Unlike traditional SIM cards, the eSIM is embedded in an integrated circuit directly soldered to the mobile device. Remotely programmable, eSIMs allow businesses to change their package or operator without handling a physical card. While eSIMs offer greater flexibility and prevent theft or loss of the card, they are not immune to other types of cyber-attacks, such as SIM swapping.
How to Secure Mobile Communications in 2025
With these growing threats in mind, our cybersecurity experts have highlighted some best practices to secure mobile communications in 2025:
- Implement strong encryption: Use robust encryption methods with adequate key lengths to protect data in transit and at rest. This ensures that even if data is intercepted, it remains unreadable to unauthorised parties.
- Adopt post-quantum cryptography: Prepare for the future by integrating PQC algorithms into your security protocols. This will safeguard your data against the potential threats posed by quantum computing.
- Enable multi-factor authentication: Strengthen your authentication processes by requiring multiple forms of verification. This adds an extra layer of security, making it more difficult for attackers to gain unauthorised access and thus mitigating SIM / eSIM swapping attacks.

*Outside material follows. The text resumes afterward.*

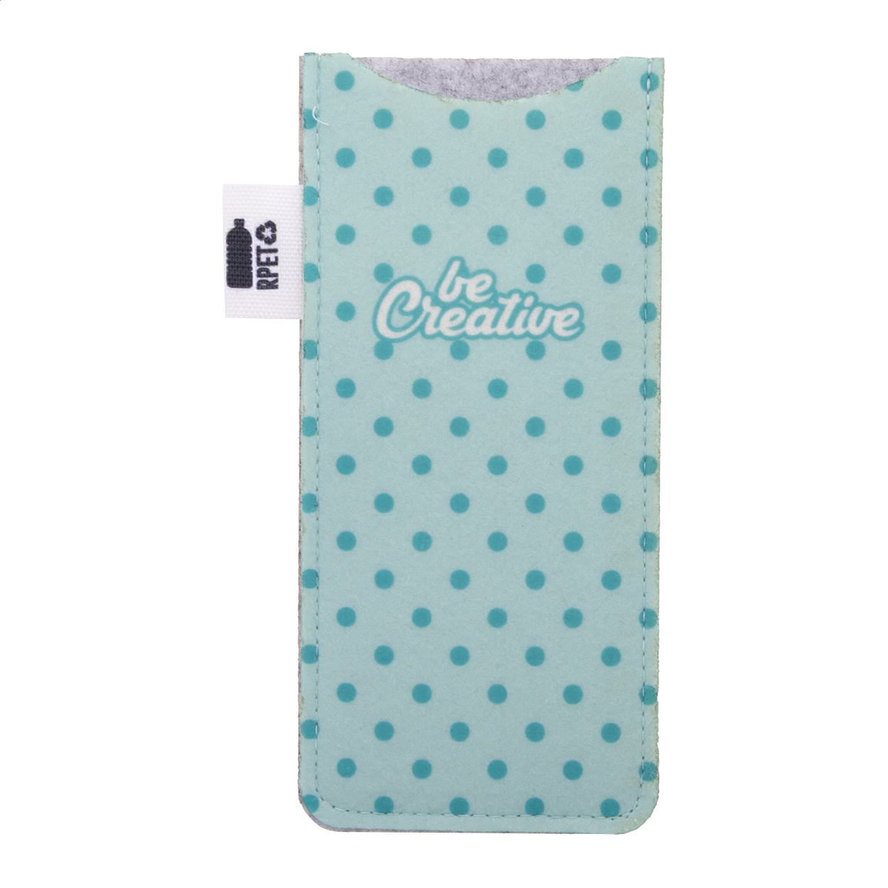 Egyediesíthető RPET filc napszemüvegtok full colour emblémázású előlappal. Megkülönböztető RPET címkével. Az ár tartalmazza a szublimációs emblémázást. Minimális rendelési mennyiség: 50 db.

- Regular security audits: Conduct regular security assessments to identify and address vulnerabilities in your mobile communication systems. More specifically, rely on the full power of security that SIM or eSIM provide to further protect your data and communications over 5G networks such as:
- Algorithms / key rotation: capability to swap over time the security keys and cryptographic algorithm used, a key step towards meeting crypto-agility recommendations.
- Privacy protection: SIM or eSIM provide the capability to encrypt the subscribers’ mobile identity over the networks (the so-called SUPI) for a high-grade privacy protection.
- Secured networks slicing: the authentication to network slices, which are a key 5G capability, can be reinforced by leveraging the SIM / eSIM (the so-called Slice SIM application).
By implementing the above best practices, businesses can protect their mobile communications and ensure the integrity of their data.